Dear Chief Justice Moore:

As a citizen of Alabama, I am rather disappointed in your press conference comments.  Not only did they portray the events on January 12th incorrectly, they expressed defamation of character of a private citizen.

The facts are Ambrosia Starling did not officiate a wedding on January 12th.  I did.  I am an ordained minister in the Unitarian Universalist faith and serve the Unitarian Universalist Congregation of Tuscaloosa. It is part of my religion to honor and bless the covenanted relations that we enter into and with couples that includes the rites of marriage. I do not do mock weddings. To have my faith honored with recognizing the marriages that I officiate is an example of the religious freedom that this country honors and values since the days of the founding of this nation’s constitution.  It is in the Bill of Rights that the government shall make no law regarding the establishment of religion or the practice thereof.
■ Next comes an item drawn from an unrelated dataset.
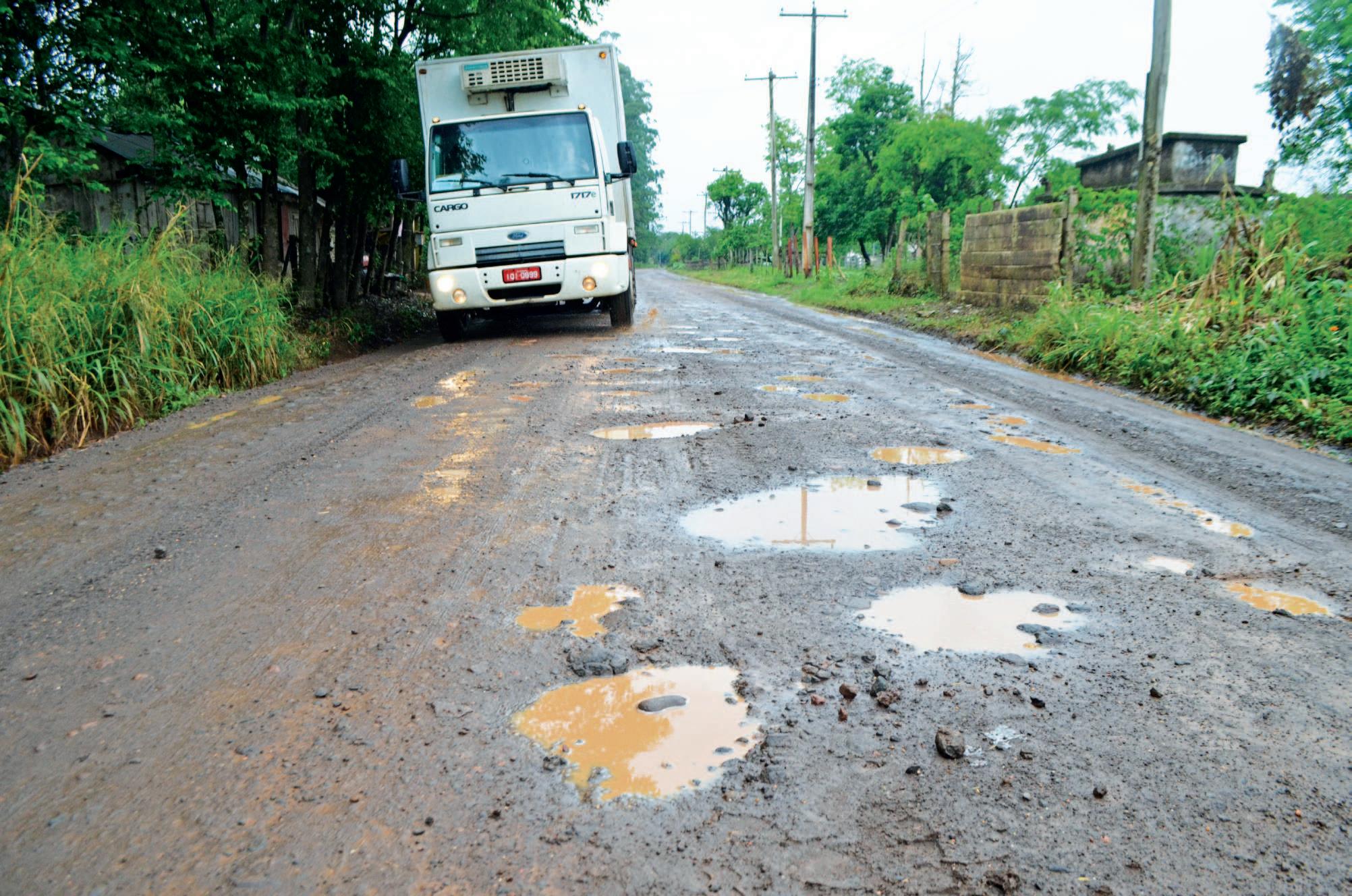 DESCASO: poucos metros depois do trecho onde o governador José Ivo Sartori inaugurou três quilômetros de asfalto, moradores da comunidade de Bom Fim, em Cruzeiro do Sul, estão descrentes de que a promessa de terminar a pavimentação até o distrito de Mariante, em Venâncio Aires, ocorra nos próximos anos.

Yet, for far too long, this country has forbade my religion’s right to solemnize marriages of same gender weddings and have them recognized by the state.  You say this is not about religion, but it is, Justice Moore.  It is.  By denying equal marriage rights, you are declaring your faith doctrines to be supreme over all religious doctrines and practices and that is simply not the American way in regards to religious freedom. Religious freedom means being able to practice one’s religion without fear of government censure. Not being able to have couples’ marriages recognized by the state is a form of government censure of religion. For you to declare the wedding I officiated a mockery is a show of profound disrespect of the religion I serve as minister. A religion whose American roots date back to the founding of this nation.

The bills being passed under the guise of religious freedom are privileging a certain sect of Christianity.  It does not represent the whole of Christianity nor does it protect any other religions’ practice.  It is sanctioned discrimination against anyone whose faith does not align with this branch of Christianity. This is not religious freedom.  It is religious oppression.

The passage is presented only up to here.